==== Provided data

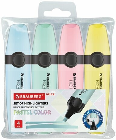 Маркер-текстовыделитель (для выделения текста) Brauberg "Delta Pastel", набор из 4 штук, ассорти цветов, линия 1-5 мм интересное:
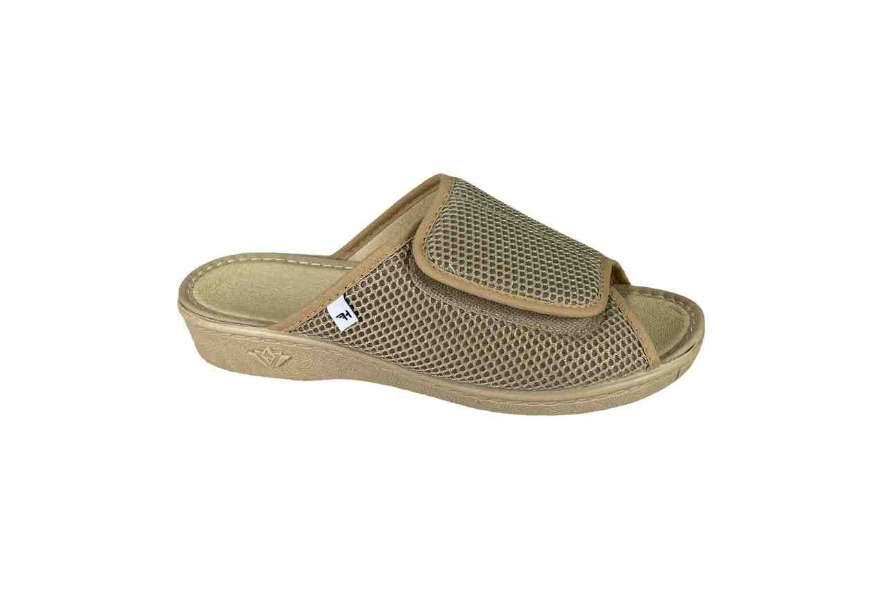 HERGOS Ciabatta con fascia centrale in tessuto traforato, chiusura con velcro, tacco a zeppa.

========
==== Provided data

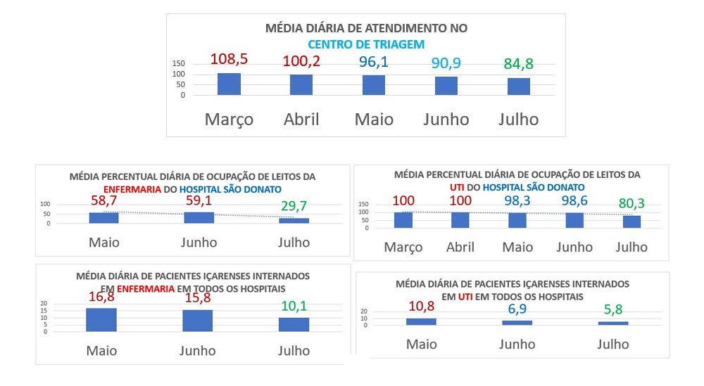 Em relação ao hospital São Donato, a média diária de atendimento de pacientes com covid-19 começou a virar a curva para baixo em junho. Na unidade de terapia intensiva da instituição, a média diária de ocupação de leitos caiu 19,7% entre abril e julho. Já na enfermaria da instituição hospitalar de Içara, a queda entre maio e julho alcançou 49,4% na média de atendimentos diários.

========

* [Task prompt]: Although the records above contain pictures, the copy must not; set down exactly the lines from the one with "Маркер-текстовыделитель (для выделения" up to and including the one with "HERGOS Ciabatta con".

* [Response below]:
 Маркер-текстовыделитель (для выделения текста) Brauberg "Delta Pastel", набор из 4 штук, ассорти цветов, линия 1-5 мм интересное:
 HERGOS Ciabatta con fascia centrale in tessuto traforato, chiusura con velcro, tacco a zeppa.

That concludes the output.